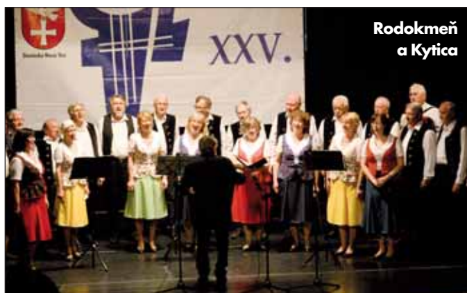
Rodokmeň a Kytica
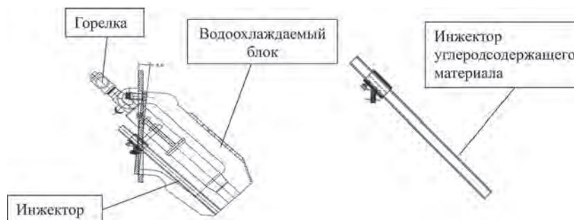
Рис. 2. Стеновой инжектор углерода
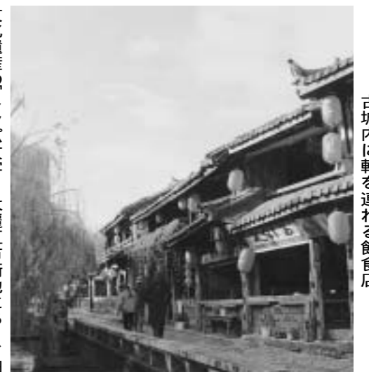
古城内に軒を連ねる飲食店

麗江には世界遺産が2カ所登録されており、文がある。古い町並み麗江古城、化遺産の「麗江古城」、古い町並み麗江古城
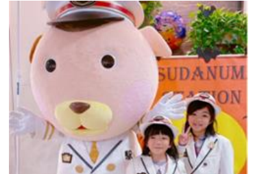
③「駅長犬」グリーティング
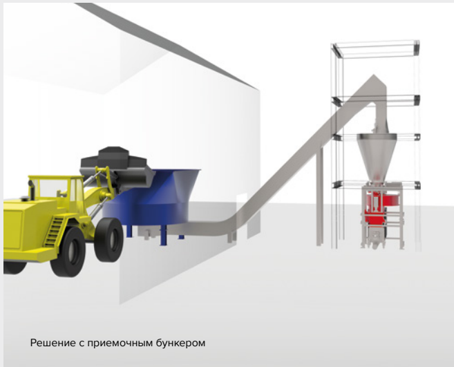
Решение с приемочным бункером

Первый вариант – приемочный бункер, который подходит для загрузки фронтальными погрузчиками или краном и является предпочтительной установкой в случае стационарного хранения топлива.
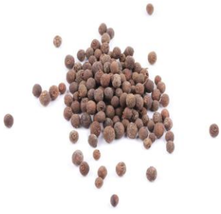
granos de pimienta
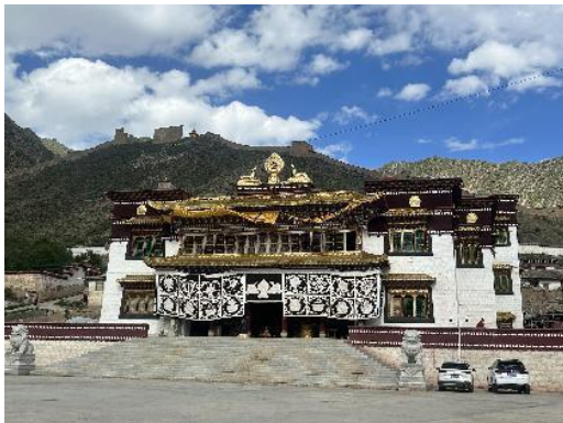
图 19 硕督寺
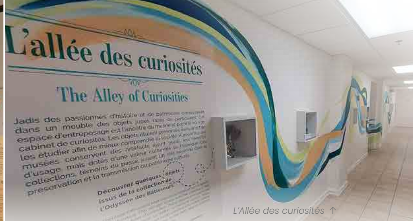
L'Allée des curiosités ↑

← Élise Prescott catalogue et documente les artefacts de la collection muséale. Le poncho scout qu'elle tient comporte 87 écussons, 25 épinglettes et 7 bandeaux : ses symboles reflètent l'histoire unique de son propriétaire.
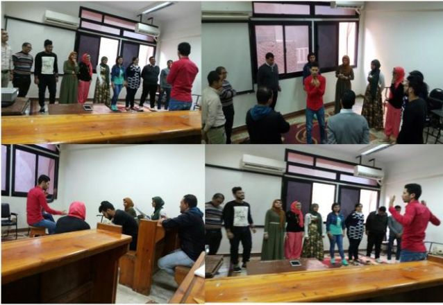
تدريب مسرح - ١٣ / ١١ / ٢٠١٧

١-١٢. تم تقسيم الطلاب وعمل الإعلانات المناسبة.
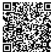
Länge 240 cm
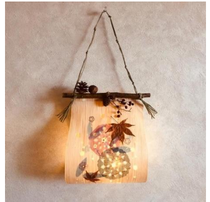
▲ 経木 (きょうぎ) を使った灯り
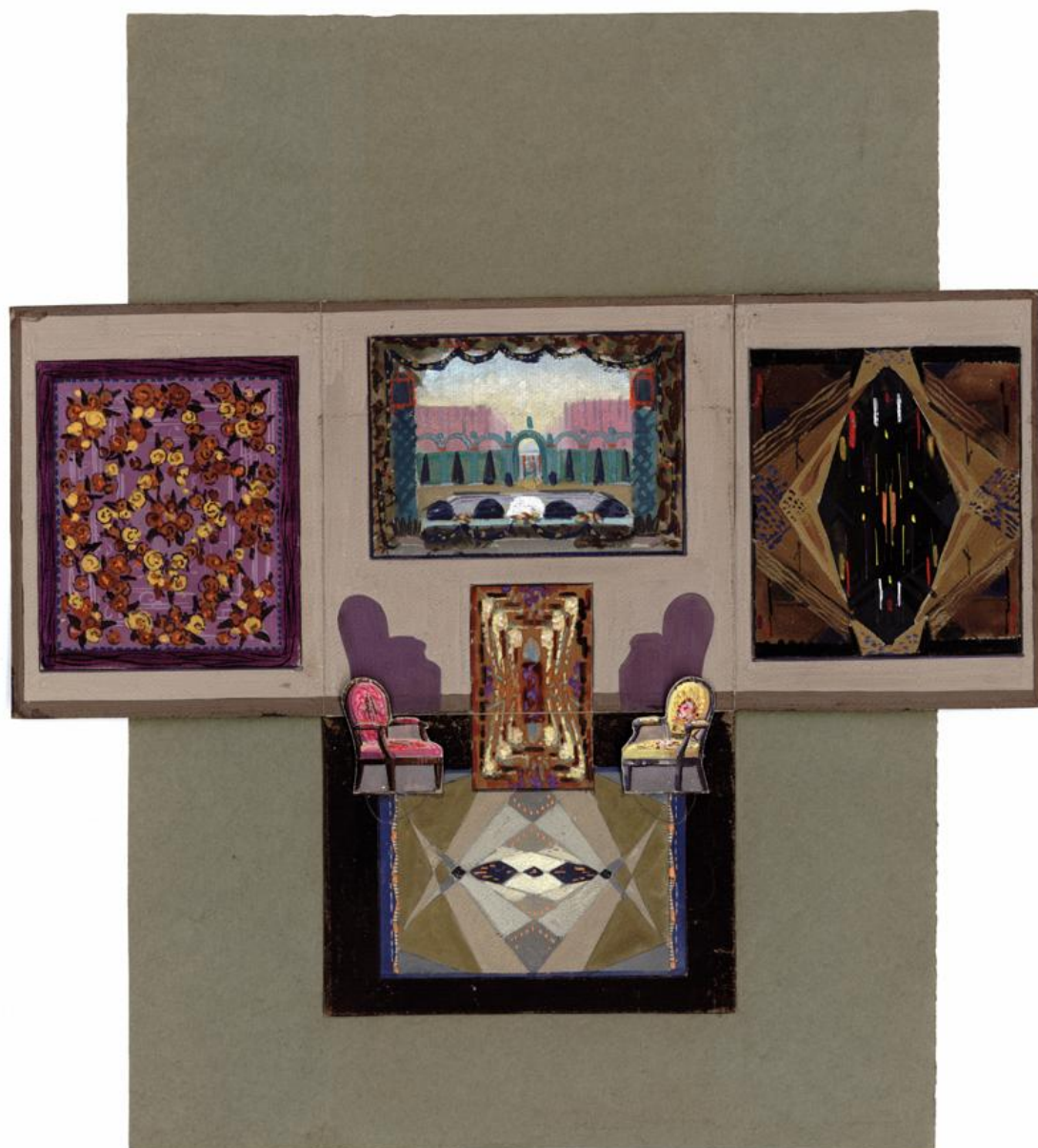
Maquette du stand de la Manufacture Coupé de Bourganeuf à l'Exposition internationale de 1925
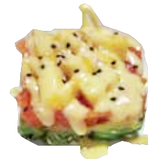
121: Tarta salmón aguacate y mango con salsa mango
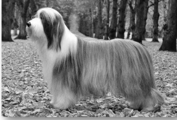
Testa e corpo correttamente proporzionati
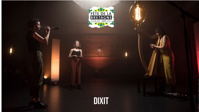
DIXIT - Salle de la Cité

Sellit ouzh ar sonadeg / Regardez le concert :
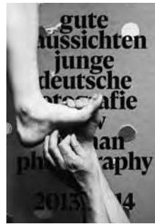
2013/2014 16 x 24 cm, 224 Seiten, 320 Abb., 20,00 Euro ISBN 978-3-86895-337-4
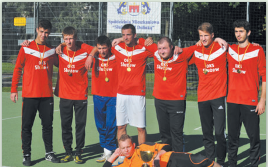
Zwycięzca turnieju OKS Służew 1
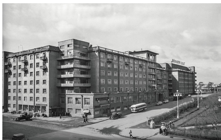
Рис. 3. Илл. 3 Фото гостиницы Большой Урал в процессе реконструкции, весна 1940 года.
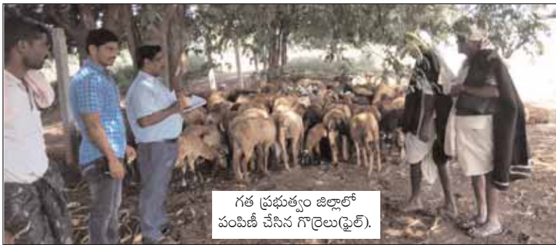
గత ప్రభుత్వం జిల్లాలో పంపిణీ చేసిన గొర్రెలు(ఫైల్).

వికారాబాద్ జిల్లా ప్రతినీధి, మేజర్ న్యూస్ (జూన్ 16): మాంసం ఉత్పత్తిని పెంచడం తోపాటు పశువుల కాపరుల ఉపాధి అవకాశాన్ని పెంపొందించడానికి గత బీఆర్ఎస్ ప్రభుత్వంలో గొర్రెల సమగ్ర అభివృద్ధి, పంపిణీ పథకంలో వికారాబాద్ జిల్లాలో భారీ అవినీతి చోటు చేసుకుంది. గత ప్రభుత్వ హయాంలో రెండు విడుతలుగా గొర్రెలను పంపిణీ చేశారు. మొదటి విడుతలో యూనిట్ కాస్ట్ 1,25,000 రూపాయలుండగా, దీనిలో లబ్ధిదారుల వాటా 25 శాతం 31,250 రూపాయలు కాగా, 75 శాతం ప్రభుత్వ వాటా 93,750 రూపాయలుగా నిర్ధారించింది. మొదటి
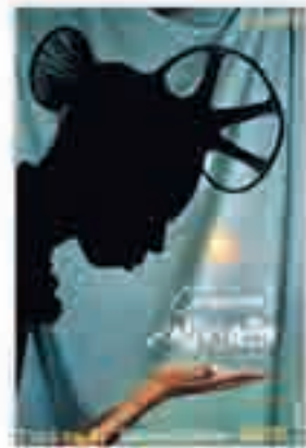
Cinéma d'Afrique, affiche du 5 e festival, 1995.
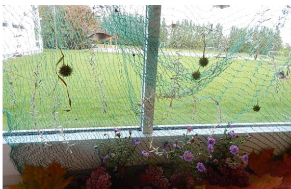
5.klass „Imeline veemaailm“
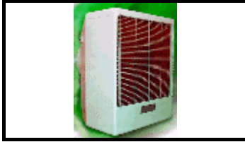
Resfriador evaporativo – Industrial
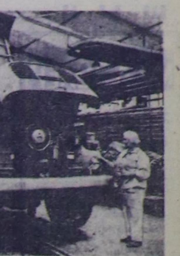
«Татра» аттыг чехословак...
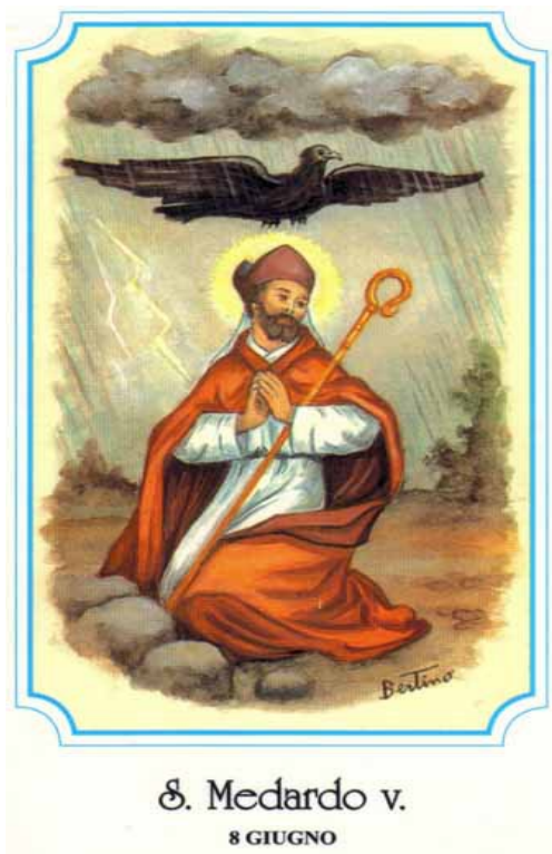
St. Medardo v. 8 GIUGNO
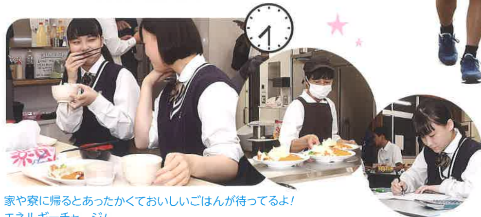
家や寮に帰るとあったかくておいしいごはんが待ってるよ！ エネルギーチャージ！
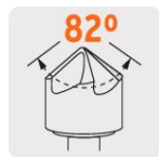
Ángulo de punta
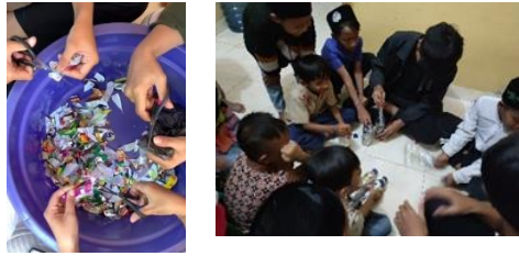
gambar 14 proses pembuatan & sosialisasi ecobrik
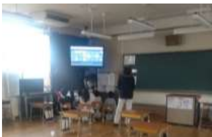
<リモート交流中の青峰小の子どもたちの様子>
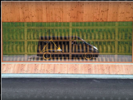
UVCL - incolore protection UV
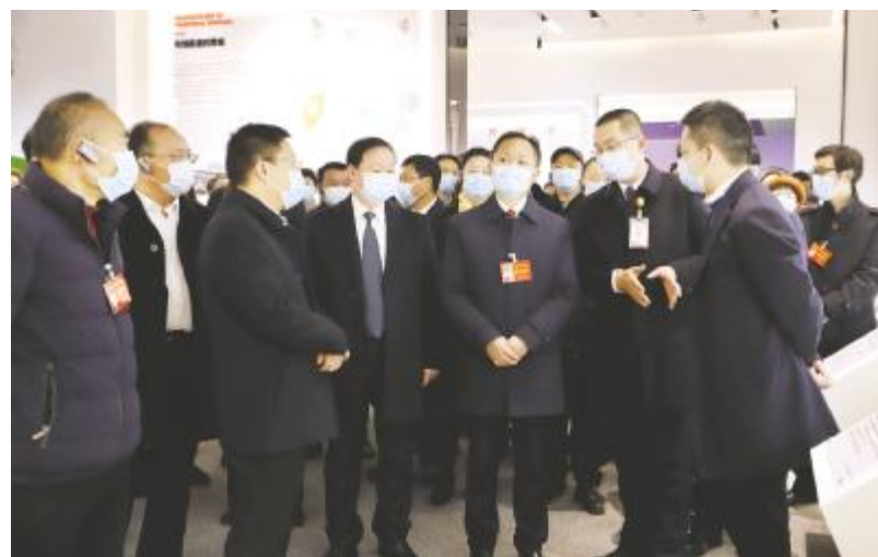
眉山市两会代表团参观通威太阳能智能制造体验中心

参观过程中,代表团与公司相关负责人亲切交谈,就光伏行业发展前景及眉山基地发展现状进行深入交流,并表示,通威稳健、快速发展,辉煌成绩令人钦佩,希望通威太阳能继续保持优势,创造更大行业价值,助推行业健康可持续发展。
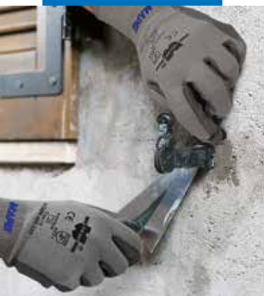
Osazení závěsů okenic s použitím Lampocemu
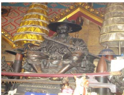
สมเด็จพระเจ้าตากสินมหาราชที่ศาลสมเด็จพระเจ้าตากสินมหาราบริเวณศาลหลักเมืองจันทบุรี
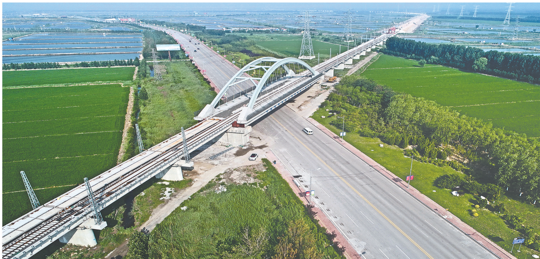
唐曹铁路即将全线贯通。
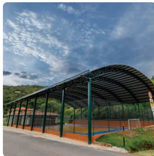
Quadra do Galo
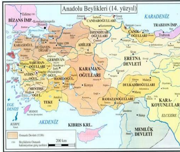
Resim 1. Batı Anadolu Beylikler Dönemi Haritası

—————

Task prompt
Exact repetition is required for the lines from the first one in the listing through the one that holds "Рис. 3. Илл.", and pictures are to be omitted.

Worked solution
Rodokmeň a Kytica
Рис. 2. Стеновой инжектор углерода
古城内に軒を連ねる飲食店

麗江には世界遺産が2カ所登録されており、文がある。古い町並み麗江古城、化遺産の「麗江古城」、古い町並み麗江古城
③「駅長犬」グリーティング
Решение с приемочным бункером

Первый вариант – приемочный бункер, который подходит для загрузки фронтальными погрузчиками или краном и является предпочтительной установкой в случае стационарного хранения топлива.
granos de pimienta
图 19 硕督寺
L'Allée des curiosités ↑

← Élise Prescott catalogue et documente les artefacts de la collection muséale. Le poncho scout qu'elle tient comporte 87 écussons, 25 épinglettes et 7 bandeaux : ses symboles reflètent l'histoire unique de son propriétaire.
تدريب مسرح - ١٣ / ١١ / ٢٠١٧

١-١٢. تم تقسيم الطلاب وعمل الإعلانات المناسبة.
Länge 240 cm
▲ 経木 (きょうぎ) を使った灯り
Maquette du stand de la Manufacture Coupé de Bourganeuf à l'Exposition internationale de 1925
121: Tarta salmón aguacate y mango con salsa mango
Testa e corpo correttamente proporzionati
DIXIT - Salle de la Cité

Sellit ouzh ar sonadeg / Regardez le concert :
2013/2014 16 x 24 cm, 224 Seiten, 320 Abb., 20,00 Euro ISBN 978-3-86895-337-4
Zwycięzca turnieju OKS Służew 1
Рис. 3. Илл. 3 Фото гостиницы Большой Урал в процессе реконструкции, весна 1940 года.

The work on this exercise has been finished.